View larger version (33K): [in this window] [in a new window]   Fig. 7. Model for MEX-5 asymmetry. Speculative model showing MEX-5 before (left) and after (right) asymmetry. MEX-5 is either bound (green) or unbound (blue) to cytoplasmic actomyosin, or to a component whose mobility is limited by actomyosin. Cortical contraction changes the localization, or dynamics, of actomyosin in the deep cytoplasm, such that MEX-5 concentrates in the anterior. Additional sharpening of the MEX-5 asymmetry might come from factors that modulate MEX-5 binding, such as phosphorylation by posterior-localized PAR-1 (red) or non-localized PAR-4 (not shown).

The restricted mobility of GFP:MEX-5 does not change appreciably in the anterior of the embryo as asymmetry develops. However, there is an increase in posterior mobility, providing a possible mechanism for the net, anterior accumulation. There are several mechanisms that might explain the increased mobility, such as fewer available binding sites in the posterior, a diminished ability to bind those sites, or both. We showed that the increase in posterior mobility required PAR-1⁺ activity and the C-terminus of MEX-5. Deleting the entire C-terminus or mutating five Ser and Thr residues within the C-terminus caused indistinguishable defects in mobility.

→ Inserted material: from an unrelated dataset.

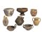 OTTO VASI VILLANOVIANI DATAZIONE: fine VIII inizi VII sec. a. C. MATERIA E TECNICA: impasto depurato bruno lucidato a stecca, decorazione ad impressione, modellati a mano e a tornio lento Attingitoio con vasca troncoconica, alta ansa a nastro, insellata e cornuta, sormontante, impostata verticalmente dall’orlo alla base, fondo piatto, coppa biansata con labbro leggermente estroflesso, alto labbro svasato, vasca troncoconica, anse a nastro sormontanti, impostate dall’orlo alla carena, calice su alto piede con vasca troncoconica e alto labbro, impostato sulla vasca mediante una risega, e decorato con tre solcature parallele impresse, ampio piede a tromba, anforetta con labbro estroflesso, collo cilindrico decorato a solcature, corpo ovoide, fondo piatto, anse a bastoncello verticali, due brocchette monoansate, una biconica, l’altra ovoide, fondo piatto, due ollette una con orlo estroflesso e corpo ovoide, l’altra troncoconica con labbro leggermente rientrante e quattro piccole anse a presa, entrambe con fondo piatto (8) PRODUZIONE: ceramica etrusca centro-meridionale STATO DI CONSERVAZIONE: cinque integri, tre ricomposti da frammenti DIMENSIONI: alt. da cm. 13 a cm 7 PROVENIENZA: Bertolami Fine Arts, Roma Il lotto, in base alla legge italiana, non è esportabile / This lot, according to Italian law, can not be exported

S458 appears to be the most important site in the C-terminus, as mutating this single residue caused a significant, although variable, defect in mobility, and a severe defect in MEX-5 asymmetry. We showed that S458 is phosphorylated in vivo, and that a nearby KRRTSL sequence is required for normal levels of phosphorylation and for GFP:MEX-5 asymmetry. Despite the resemblance of this sequence to the RxxL-box motif involved in APC/Cyclosome-mediated protein degradation, our results indicate that it does not function to degrade GFP:MEX-5. Our analysis indicates that degradation is not essential for asymmetry, but does not exclude the possibility that degradation contributes to the asymmetry of endogenous MEX-5; the level of GFP:MEX-5 is sufficient to rescue mex-5; mex-6 double mutants, but is much lower than the level of endogenous MEX-5. If the KRRTSL sequence has any functional similarity to an RxxL-box, one possibility is that MEX-5 is a pseudosubstrate of the APC, localizing with the APC and/or competing for binding with other APC substrates. For example, yeast Mad3/BubR1 contains KEN- and RxxL-boxes that mediate binding to the APC subunit Fizzy/Cdc20, but that do not function in degradation (Burton and Solomon, 2007). C. elegans FZY-1/Fizzy/Cdc20 is highly asymmetrical in the newly fertilized egg, where it is localized near the maternal chromosomes at the anterior pole during meiosis I (Kitagawa et al., 2002). However, FZY-1 appears to be uniformly distributed at subsequent stages when MEX-5 asymmetry develops (Kitagawa et al., 2002) (our unpublished results).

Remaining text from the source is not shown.